● **What is required**: Nothing but the lines from the one with "- ∝工单系统:总部实现任务" down to the one with "Replaces the standard" should be returned, exactly and with both ends included, from the material below.

● **Data to examine**:
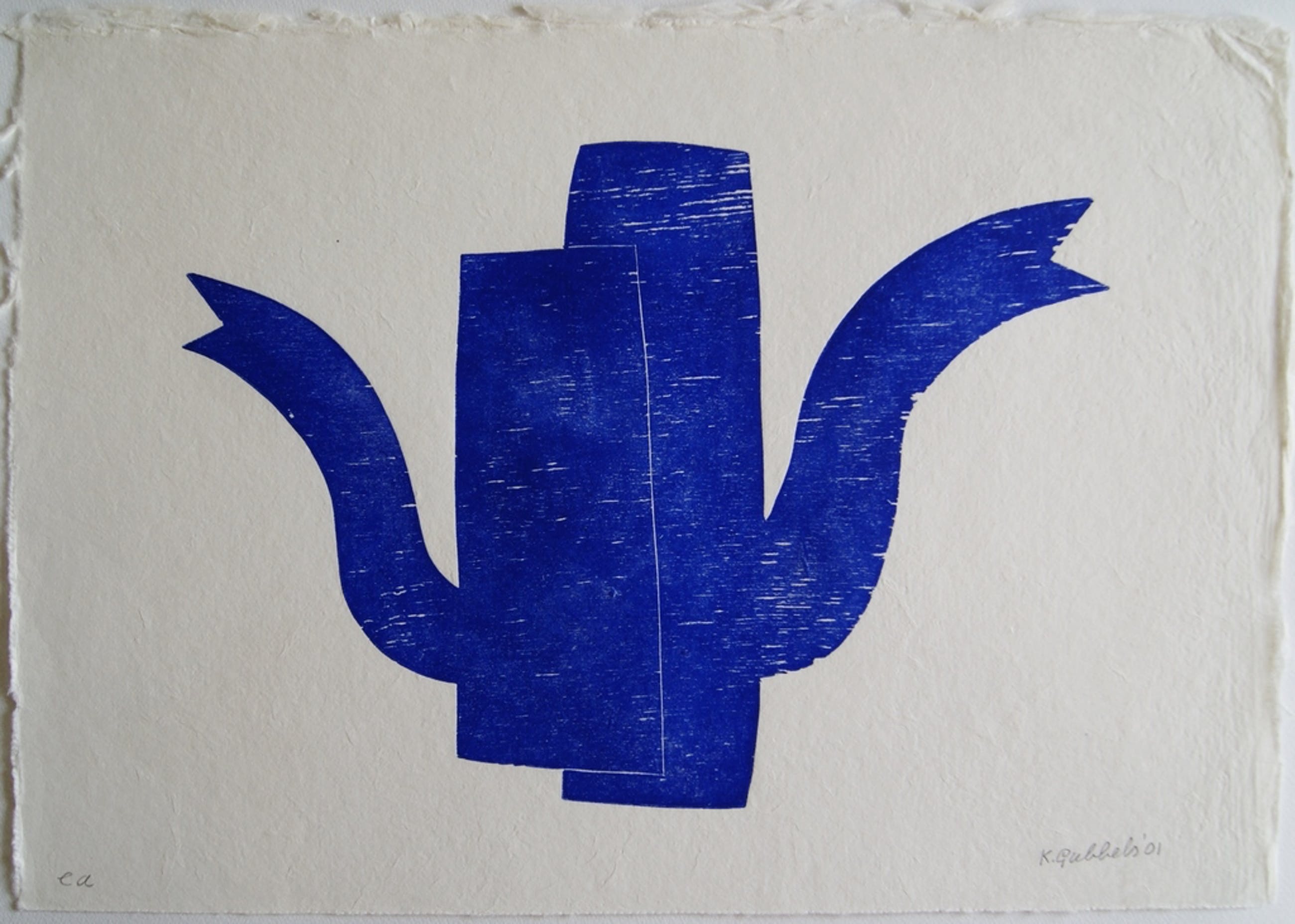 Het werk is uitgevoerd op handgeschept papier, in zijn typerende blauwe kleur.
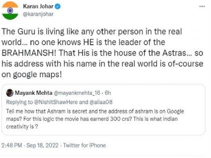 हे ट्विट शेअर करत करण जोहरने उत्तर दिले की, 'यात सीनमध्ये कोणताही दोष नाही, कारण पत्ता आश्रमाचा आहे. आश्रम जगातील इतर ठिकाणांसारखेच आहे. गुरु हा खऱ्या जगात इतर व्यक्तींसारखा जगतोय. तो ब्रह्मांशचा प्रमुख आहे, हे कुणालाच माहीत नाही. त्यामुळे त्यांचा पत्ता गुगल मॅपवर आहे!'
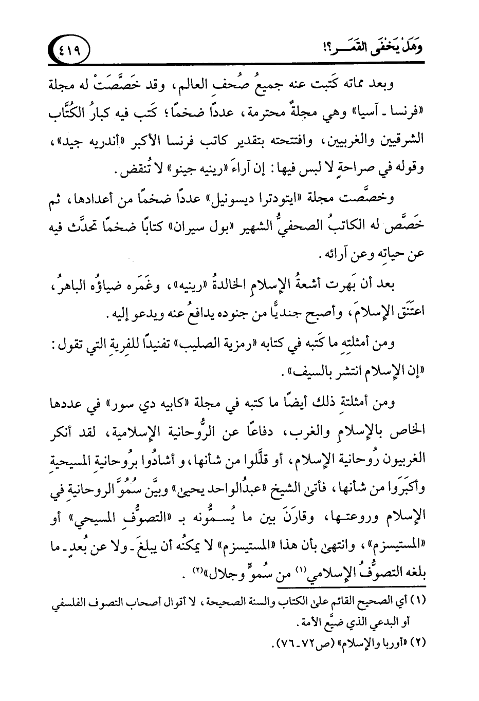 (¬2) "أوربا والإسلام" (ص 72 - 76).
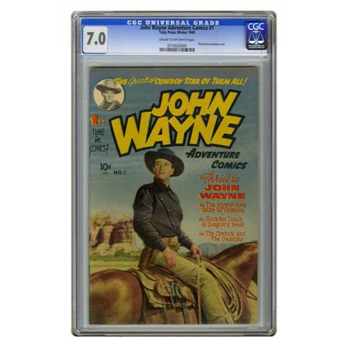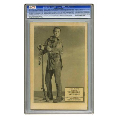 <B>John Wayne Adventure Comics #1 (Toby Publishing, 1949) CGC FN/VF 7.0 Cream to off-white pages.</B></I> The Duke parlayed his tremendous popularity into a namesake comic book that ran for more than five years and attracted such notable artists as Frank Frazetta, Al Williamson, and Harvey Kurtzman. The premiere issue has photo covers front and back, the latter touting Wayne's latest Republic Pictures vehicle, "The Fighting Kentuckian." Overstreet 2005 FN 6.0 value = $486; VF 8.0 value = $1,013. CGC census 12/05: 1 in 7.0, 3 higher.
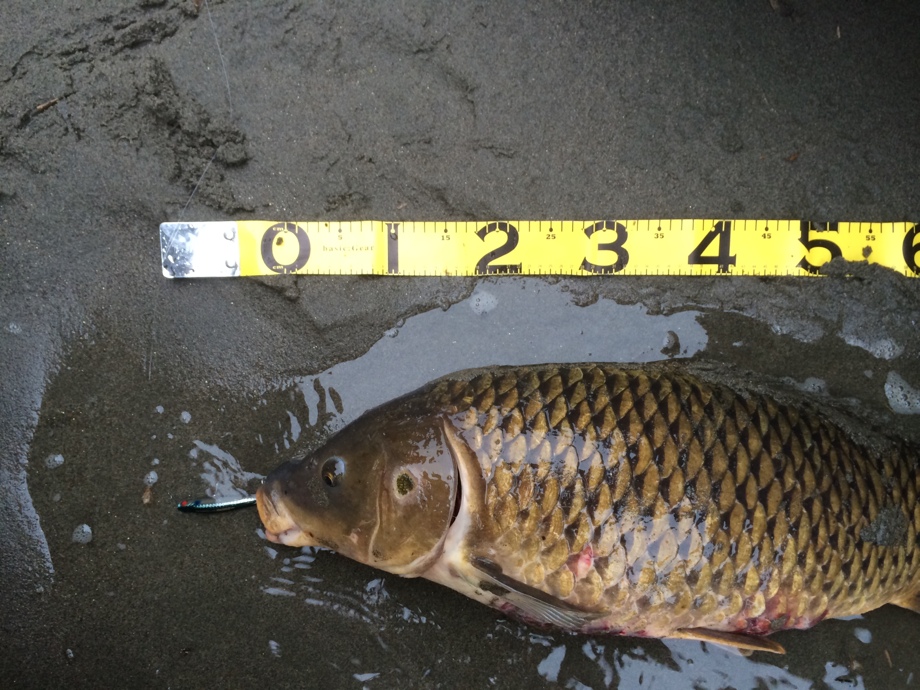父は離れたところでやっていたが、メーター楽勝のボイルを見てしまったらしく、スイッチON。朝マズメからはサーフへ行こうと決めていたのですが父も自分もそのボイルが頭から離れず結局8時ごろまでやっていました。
==
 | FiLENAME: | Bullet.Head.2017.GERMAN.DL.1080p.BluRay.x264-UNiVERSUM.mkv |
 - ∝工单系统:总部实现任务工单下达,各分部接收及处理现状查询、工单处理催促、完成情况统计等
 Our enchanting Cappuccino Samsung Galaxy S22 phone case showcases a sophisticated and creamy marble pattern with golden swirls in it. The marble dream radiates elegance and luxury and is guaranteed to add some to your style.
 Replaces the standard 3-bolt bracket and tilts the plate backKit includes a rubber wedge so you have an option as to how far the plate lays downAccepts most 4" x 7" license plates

● **Task solution**:
 - ∝工单系统:总部实现任务工单下达,各分部接收及处理现状查询、工单处理催促、完成情况统计等
 Our enchanting Cappuccino Samsung Galaxy S22 phone case showcases a sophisticated and creamy marble pattern with golden swirls in it. The marble dream radiates elegance and luxury and is guaranteed to add some to your style.
 Replaces the standard 3-bolt bracket and tilts the plate backKit includes a rubber wedge so you have an option as to how far the plate lays downAccepts most 4" x 7" license plates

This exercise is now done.